It only gets worse

Amazon Deforestation: Earth’s Heart and Lungs Dismembered

Brazil has historically had the distinction of serving as the world’s leader of deforestation. … during the last three decades, an annual average of 6,500 square miles of the Brazilian Amazon — an area that is greater than the size of Connecticut — has been deforested.

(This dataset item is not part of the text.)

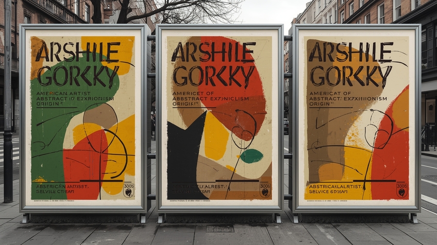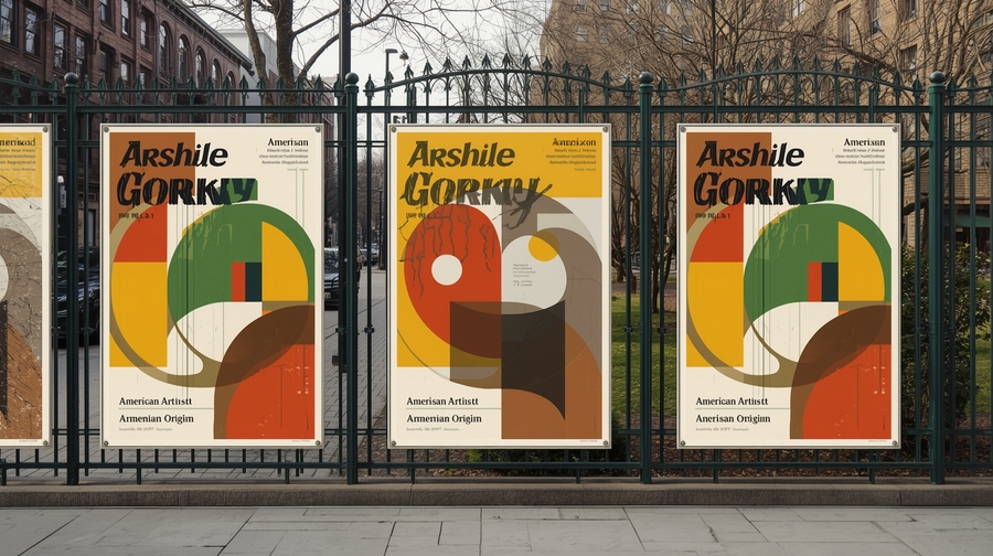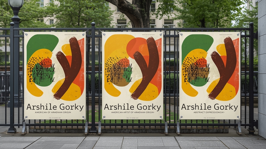 Promt: A photorealistic layout of street posters and banners in the style of abstract expressionism by Arshile Gorky, placed on city walls, park fences, and lampposts. The design features abstract curved and simple geometric shapes. The color palette is brightly colored with muted elements, including green, red, brown, and a predominance of yellow, with a touch of black thin lines. Each banner features the text «Arshile Gorky» in a distorted handwritten lowercase font. Additional typographic elements create a minimal biographical context, such as «American Artist of Armenian Origin, Abstract Expressionism,» which is set in a clean, thin font.
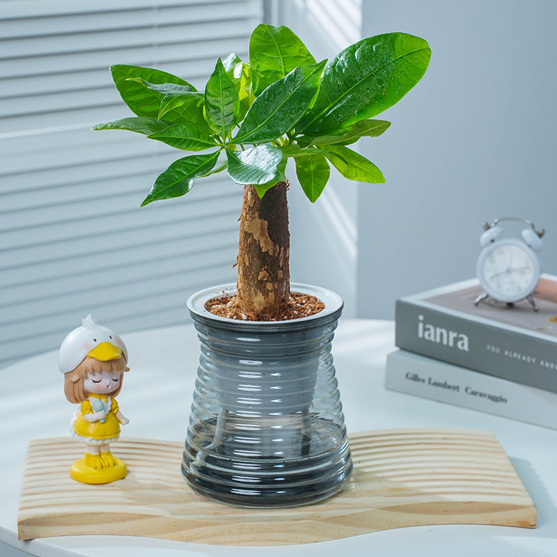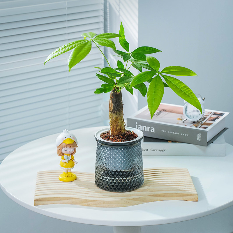 发财树小盆栽摆件盆景办公室内花卉绿萝水培三杆好养四季常绿植物

Satellite data indicates that the rate of Amazonian deforestation is accelerating; in some areas, the rate increased by 50 percent since last year. And with over 20 million people and 70 million cattle now inhabiting the Amazon, about a 600 percent increase in the last 60 years, more trees are being razed to make room for cattle ranches

Hat Tip: Ana


  1. #1 Lilian Nattel
    February 2, 2009

    We’re vegetarians–I have thought of it in terms of animals & sustainability in terms of food. I hadn’t thought of the impact on breathable air. Maybe there needs to be a meat tax to be used to extend support to alternative economies in South America.

  2. #2 Elizabeth
    February 2, 2009

    This is simple: No beef across borders ever, anywhere. It would solve a lot of problems.

  3. #3 Itzac
    February 2, 2009

    I don’t disagree, but you’d also need to incentivize some other type of food production, both for the farmers’ livelihood and to replace the food. I suggest farming grasshoppers and other edible insects.

  4. #4 D. C. Sessions
    February 2, 2009

    This is one of the main criticisms I’ve had of the various carbon-emission protocols: they only focus on emissions, despite the fact that arguably Brazil has been responsible for more net carbon-balance change lately than the rest of the world combined.

  5. #5 Beowulff
    February 2, 2009

    The first thing I thought when reading that headline was “ can’t be that successful that its book selling activities are leading to deforestation…” Maybe I spend too much time online…

  6. #6 kasj
    February 3, 2009

    Superb point, D.C. If there was a carbon credits trade economy, brazil could make some serious cash *not* cutting down forests…. I think I read about that actually being done somewhere. They are paying farmers not to clear the land. Apparently it is actually very bad soil anyway, surprisingly enough.

  7. #7 Valis
    February 3, 2009

    Chico Mendez is my hero…

  8. #8 Veronica
    February 4, 2009

    I’m gonna start with an apology because this is gonna get ugly. I totally disagree with the article and most comments here.It is very easy for people outside Brazil to say that we (yes we, I happen to live here and know a thing or two that are not in your papers) destroy the forest, we are the number 1 destroyers and all. But think about it guys, the amazon was not the ONLY forest in the world, it is just the one that remained. And it remained for a lot of reasons, but basically because of our industrial late development. There used to be great forests in north america that are now reduced to parks. Another good point is: who is indeed destroying the beloved rain forest? I’ve been to different localities in the amazon and I can assure you that a lot of people there DO NOT speak portuguese. The problem is that we have very poor environmental laws in this country, which impedes supervision of deforestation. A lot of the forest is destroyed for cattle and sugarcane. But if you believe that stopping eating meat is gonna solve the problem you’re very very very naive, if not ignorant. What we need are incentives for the people living there. They are extremely poor, and do what they can to survive. If they don’t have their cattle, what are they gonna do? Crime? Or simply die? This is not as easy issue to solve and I wanted people to study a bit before lashing out on us here, trying to make a living and actually trying to solve the problem properly.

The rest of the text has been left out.